If `y=tan^(-1)[(x-sqrt(1-x^(2)))/(x+sqrt(1-x^(2)))]," then "(dy)/(dx)=`

To solve the problem, we need to differentiate the function given by: \[ y = \tan^{-1}\left(\frac{x - \sqrt{1 - x^2}}{x + \sqrt{1 - x^2}}\right) \] ### Step 1: Substitute \( x = \cos \theta \) We start by substituting \( x = \cos \theta \).

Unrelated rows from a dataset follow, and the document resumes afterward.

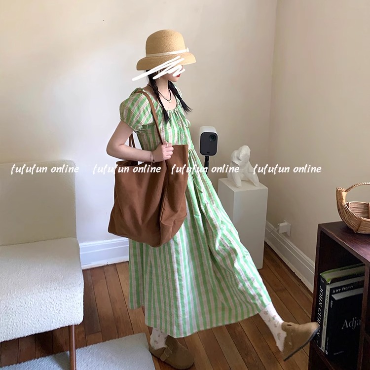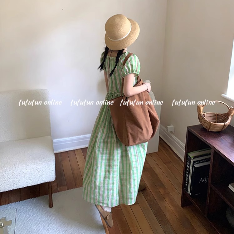 fufufun「蜜瓜奶绿」原创重工蜜瓜绿日系格纹可抽绳系带连衣裙
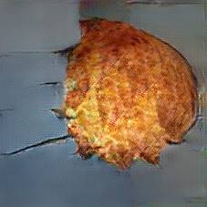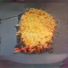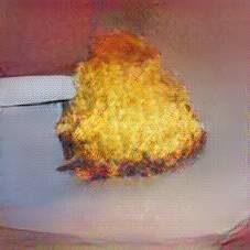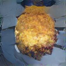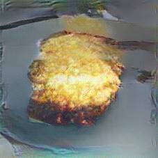 Below are 40 iterations of showing how the neural model learned to represent this class. The visualizations below show the maximally activated representations of what makes Kartoffelpuffer look like Kartoffelpuffer
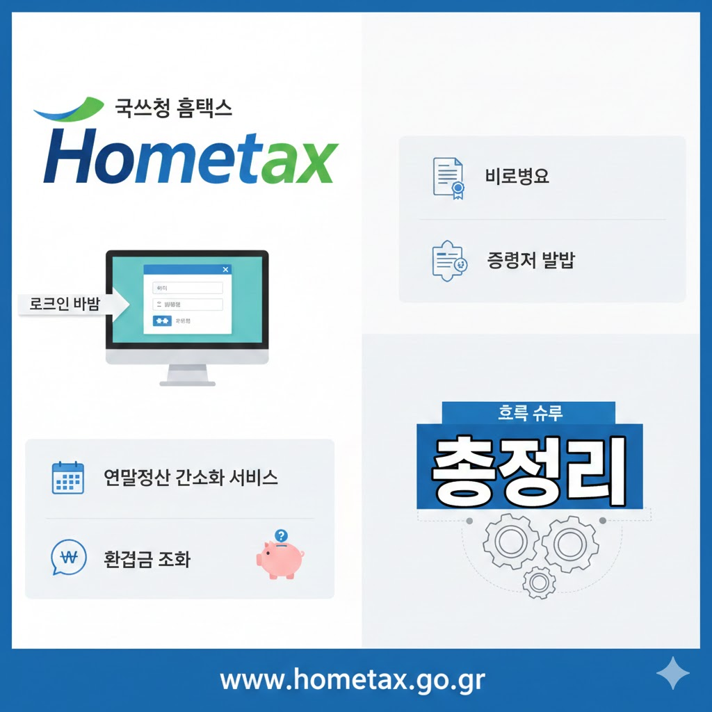 국세청 홈택스 홈페이지를 찾고 계신가요? 세금 신고부터 환급금 조회, 각종 증명서 발급까지 모든 세무 업무를 온라인에서 처리할 수 있는 홈택스는 직장인과 사업자 모두에게 필수 서비스입니다. 이 글에서는 2025년 기준 홈택스 바로가기 접속 방법, 로그인 방법, 연말정산 간소화 서비스, 환급금 조회, 증명서 발급 방법까지 상세히 정리했습니다.
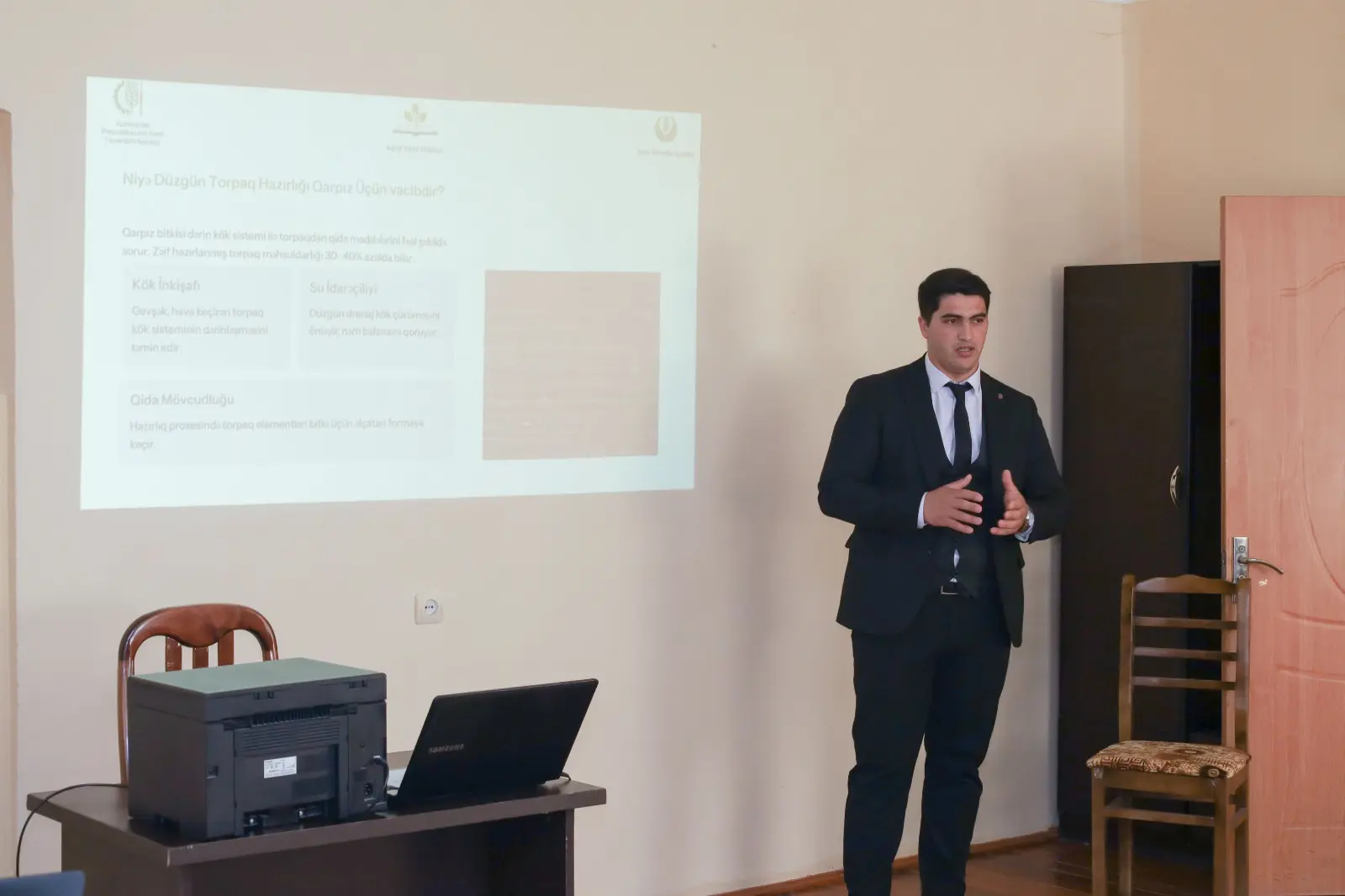Təlimlər zamanı iştirakçılara kənd təsərrüfatının prioritet sahələri üzrə həm nəzəri biliklər, həm də praktiki bacarıqlar təqdim olunub. Proqram çərçivəsində qarpız bitkisinin əkindən əvvəl torpağın hazırlanması, torpaq analizlərinin aparılması və nəticələrə əsasən optimal gübrələmə sxemlərinin seçilib tətbiqi barədə ətraflı məlumat verilib. Eyni zamanda çay plantasiyalarında aqrotexniki qulluq qaydaları, budama, suvarma, alaq otlarına qarşı mübarizə və torpağın münbitliyinin qorunması geniş şəkildə izah edilib. Bununla yanaşı, çay bitkisində rast gəlinən əsas xəstəlik və zərərvericilər, onların erkən aşkarlanması və inteqrir mübarizə üsulları haqqında da iştirakçılar ətraflı şəkildə məlumatlandırılıb.
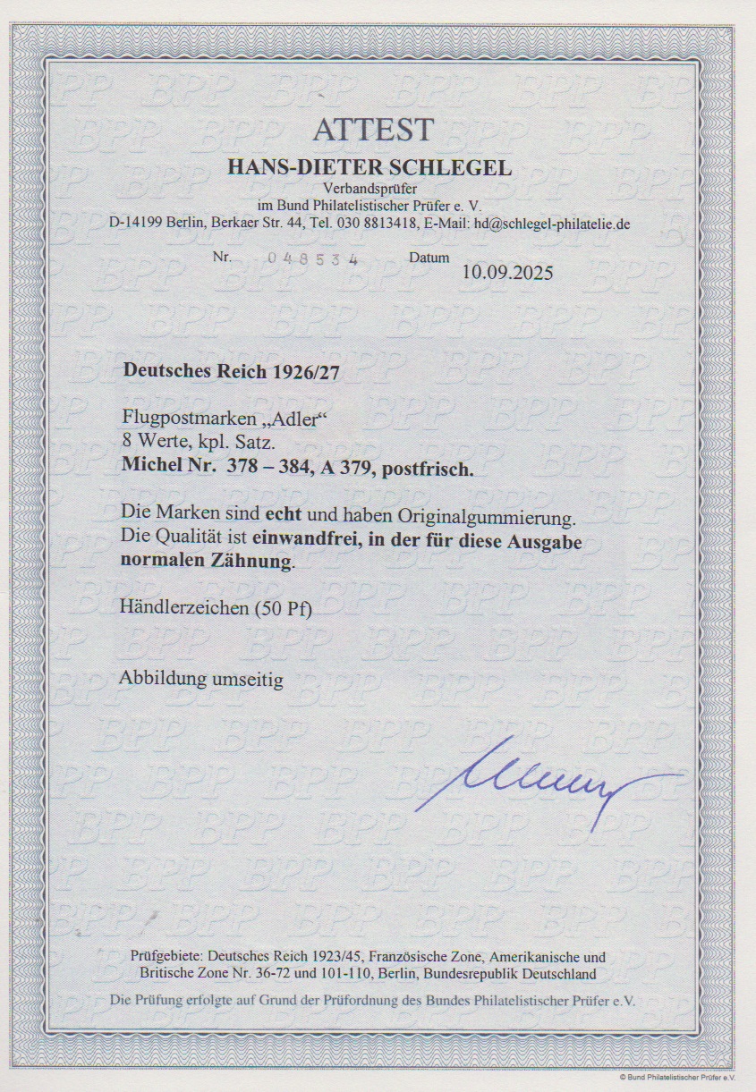 Flugpost postfrisch, Attest D. Schlegel. Mi. 1300,-
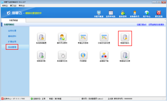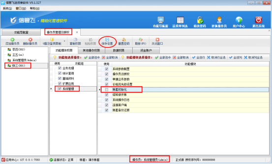 信管飛送貨單軟件、信管飛RMS、信管飛倉庫管理軟件、信管飛出納記賬軟件中都可以進行賬套初始化,在正式使用軟件過程中,為了防止操作員不小心初始化賬套,可以對操作員設置操作權限。下面我們以信管飛送貨單軟件為例來演示一下如何設置操作員不可賬套初始化。
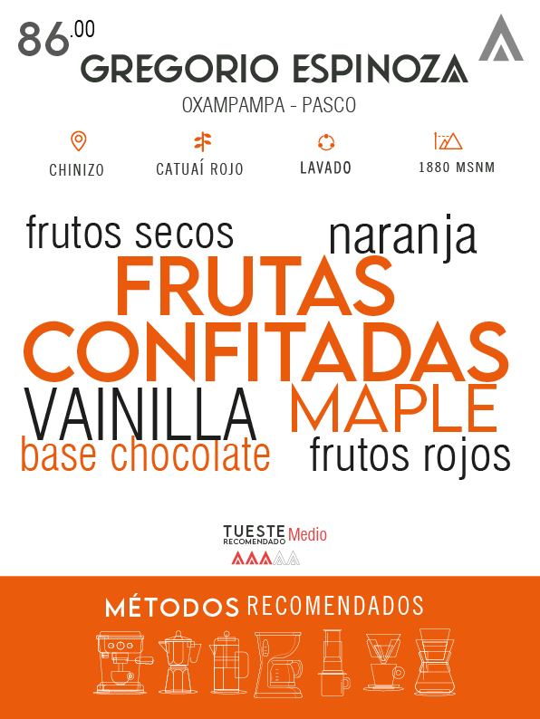 Descubre la elegancia y complejidad del café de Gregorio espinoza, cultivado en Chinizo - Oxapampa, Pasco, a 1880 msnm. Este microlote especial de la variedad catuaí rojo, con proceso lavado, resalta por su perfil sensorial excepcional.
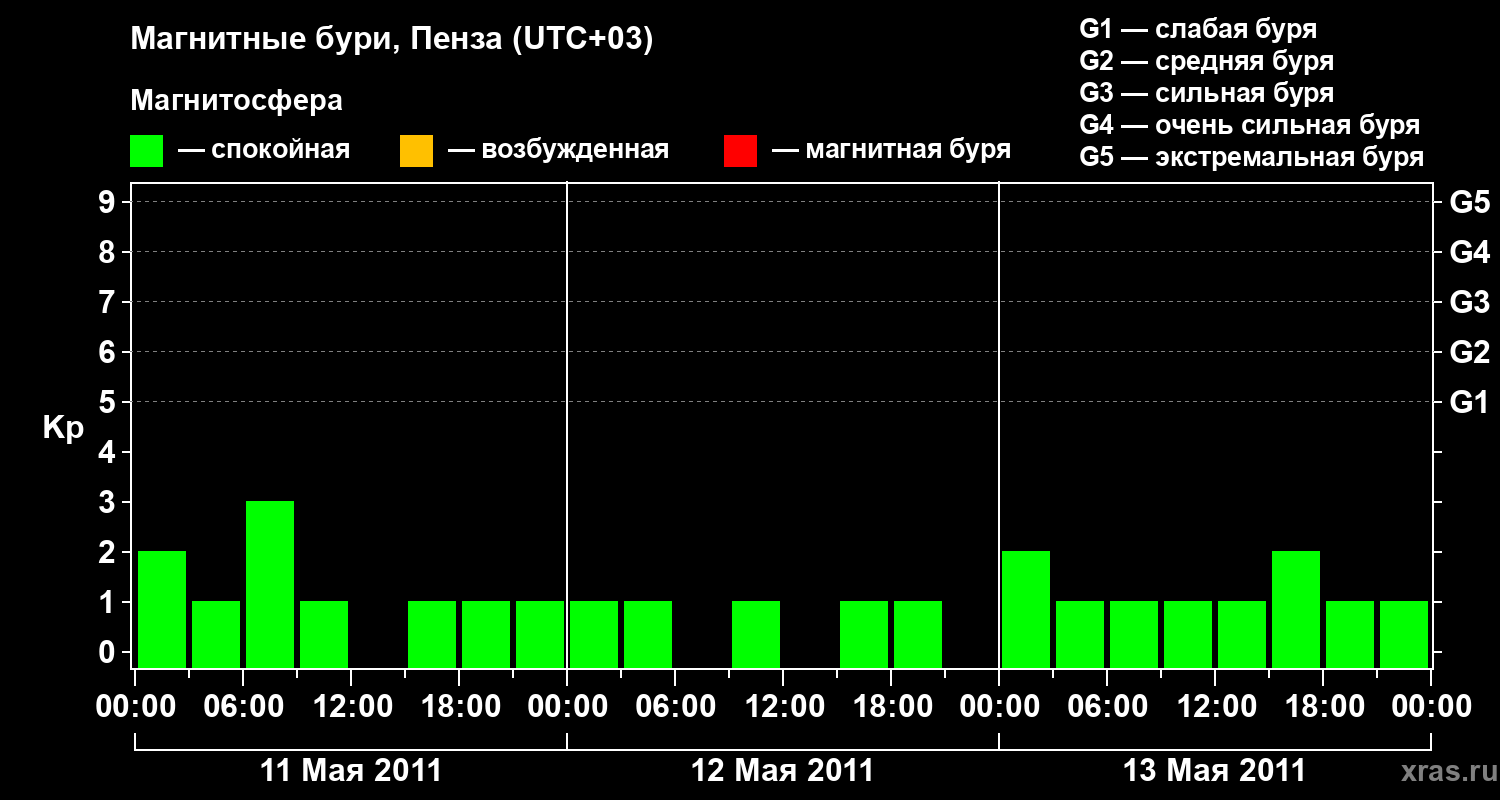 Изменения геомагнитного индекса Kp с 11 по 13 мая 2011 года для средних широт
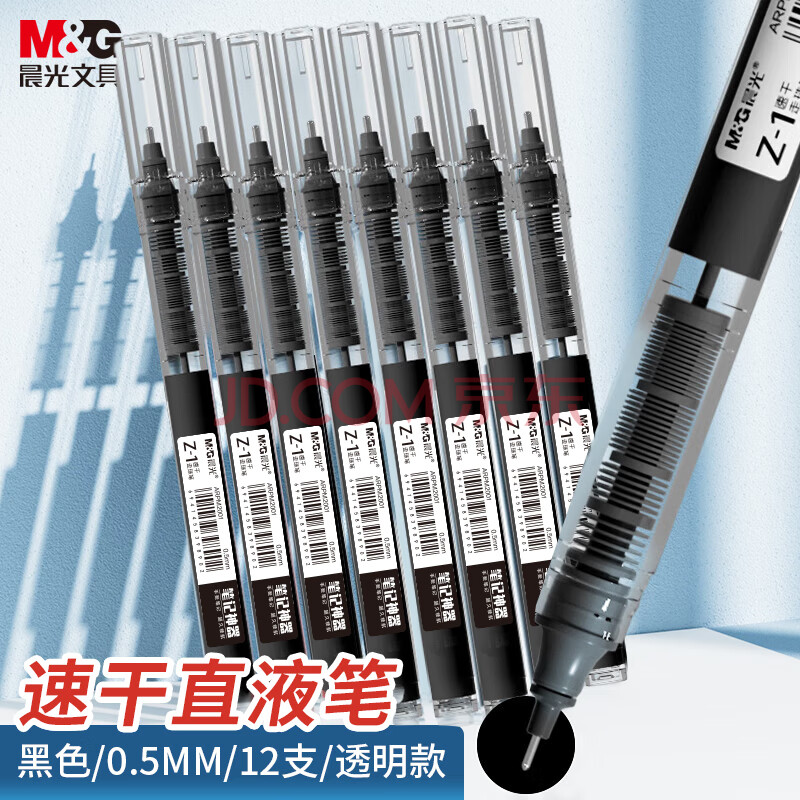 商品相册:晨光(M&G)直液式走珠笔速干笔签字笔 0.5mm全针管中性笔 学生商务水笔办公用品 黑色 12支/盒第

This gives us: \[ y = \tan^{-1}\left(\frac{\cos \theta - \sqrt{1 - \cos^2 \theta}}{\cos \theta + \sqrt{1 - \cos^2 \theta}}\right) \] Since \( \sqrt{1 - \cos^2 \theta} = \sin \theta \), we can simplify the expression: \[ y = \tan^{-1}\left(\frac{\cos \theta - \sin \theta}{\cos \theta + \sin \theta}\right) \] ### Step 2: Simplify the expression Now, we can rewrite the expression for \( y \): \[ y = \tan^{-1}\left(\frac{1 - \tan \theta}{1 + \tan \theta}\right) \] This can be recognized as the tangent subtraction formula: \[ y = \tan^{-1}\left(\tan\left(\frac{\pi}{4} - \theta\right)\right) \] ### Step 3: Use the inverse tangent property Using the property of the inverse tangent function, we have: \[ y = \frac{\pi}{4} - \theta \] ### Step 4: Relate \( \theta \) back to \( x \) Since we set \( x = \cos \theta \), we can express \( \theta \) in terms of \( x \): \[ \theta = \cos^{-1}(x) \] Thus, we can write: \[ y = \frac{\pi}{4} - \cos^{-1}(x) \] ### Step 5: Differentiate with respect to \( x \) Now we differentiate both sides with respect to \( x \): \[ \frac{dy}{dx} = 0 - \frac{d}{dx}(\cos^{-1}(x)) \] Using the derivative of \( \cos^{-1}(x) \): \[ \frac{d}{dx}(\cos^{-1}(x)) = -\frac{1}{\sqrt{1 - x^2}} \] So we have: \[ \frac{dy}{dx} = \frac{1}{\sqrt{1 - x^2}} \] ### Final Result Thus, the derivative \( \frac{dy}{dx} \) is: \[ \frac{dy}{dx} = \frac{1}{\sqrt{1 - x^2}} \] ---